4. Risks & Challenges
- Political volatility surrounding the October 5, 2025 election, with President Biya’s advanced age (92) raising concerns, may destabilize investor sentiment.
- Security threats (e.g., Anglophone & Boko Haram conflict zones) pose risks to agriculture, infrastructure, and investor confidence .
- External shocks, including commodity price drops, global policy shifts, and regional instability, remain threats .
- Governance: Weak public financial systems and corruption could undercut infrastructure gains—prompting donor conditionality .
- Climate risks: Long-term threats to GDP via environmental stress and inadequate climate finance frameworks .
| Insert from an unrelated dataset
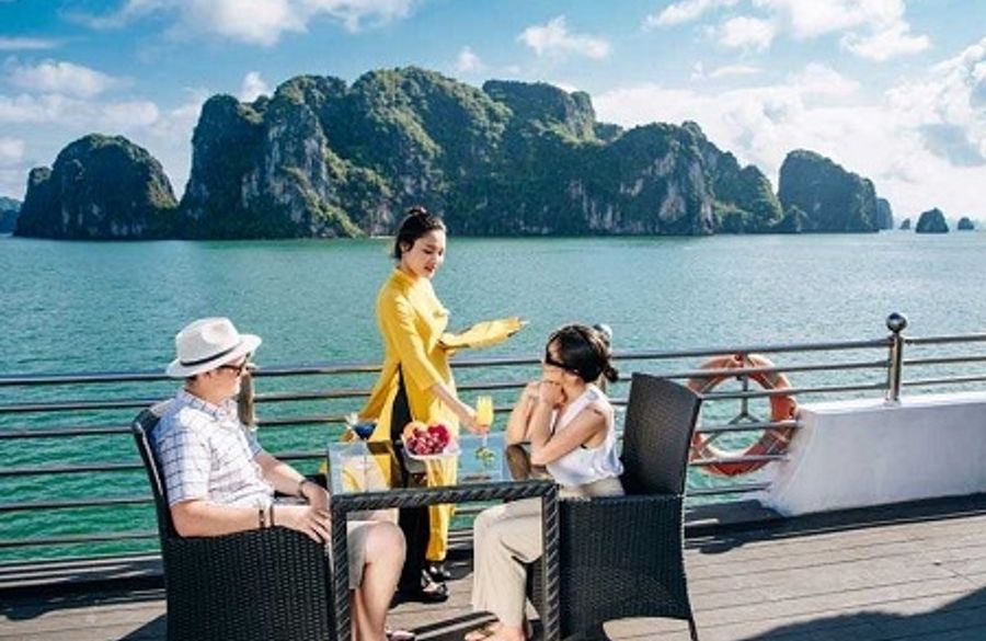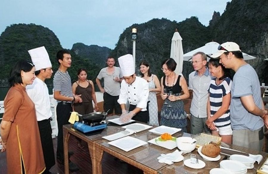 ランチは居心地の良いレストランで提供しています。クルーズは世界の自然の驚異であるハロン湾に向けて出発し、石灰岩の豪華な景色と有名な名所を満喫します。

5. Human & Social Investments
- Social protection programs: World Bank supported projects, allocating XAF 166 bn (~$35m additional), aim to assist 100,000+ vulnerable households.
- Energy access ambitions: Plans for Cameroon to become a Central African electricity hub are supported by IMF, World Bank, and AfDB—backing Nachtigal dam and cross-border grids (theguardianpostcameroon.com).
- Climate finance integration: Cameroon working with IMF, World Bank, and partners to embed climate resilience in its planning (en.wikipedia.org).
Outlook & Policy Implications
Cameroon enters 2025 with renewed growth momentum, anchored in consumption, infrastructure, and commodity resilience. But sustainable progress hinges on:
- Maintaining fiscal discipline, expanding tax bases, and reducing corruption to finance public goods.
- Ensuring political and security stability, especially in the lead-up to elections.
- Strengthening climate adaptation and finance to safeguard agricultural and environmental stability.
- Leveraging regional energy integration, such as growing links with Nigeria’s Dangote refinery.
If Cameroon successfully implements structural reforms—especially in public finance, energy, tax compliance, and climate resilience—it could lift growth toward the 4–4.5% range until 2027, improve debt sustainability, and enhance living standards.
Yet uncertainty remains: electoral politics, conflict zones, governance issues, and external headwinds could derail progress. The challenge will be converting short-term economic momentum into inclusive, long-term prosperity beyond election cycles.
What to Monitor Next
- IMF Executive Board’s approval of ongoing financing reviews and new disbursements.
- Infrastructure milestones, especially the Nachtigal dam output and Kribi phase II.
- Tax reform rollouts, including BEPS compliance and forestry sector revenue efforts.
- Fuel price trends, potentially affected by Dangote–Cameroon energy ties.
- Election-related fiscal transparency, and any signs of fiscal slippage or unrest.
In summary, Cameroon in 2025 is poised for growth—but turning forecasts into lasting dividends depends on political, fiscal, and structural reform execution amid a complex domestic and global landscape.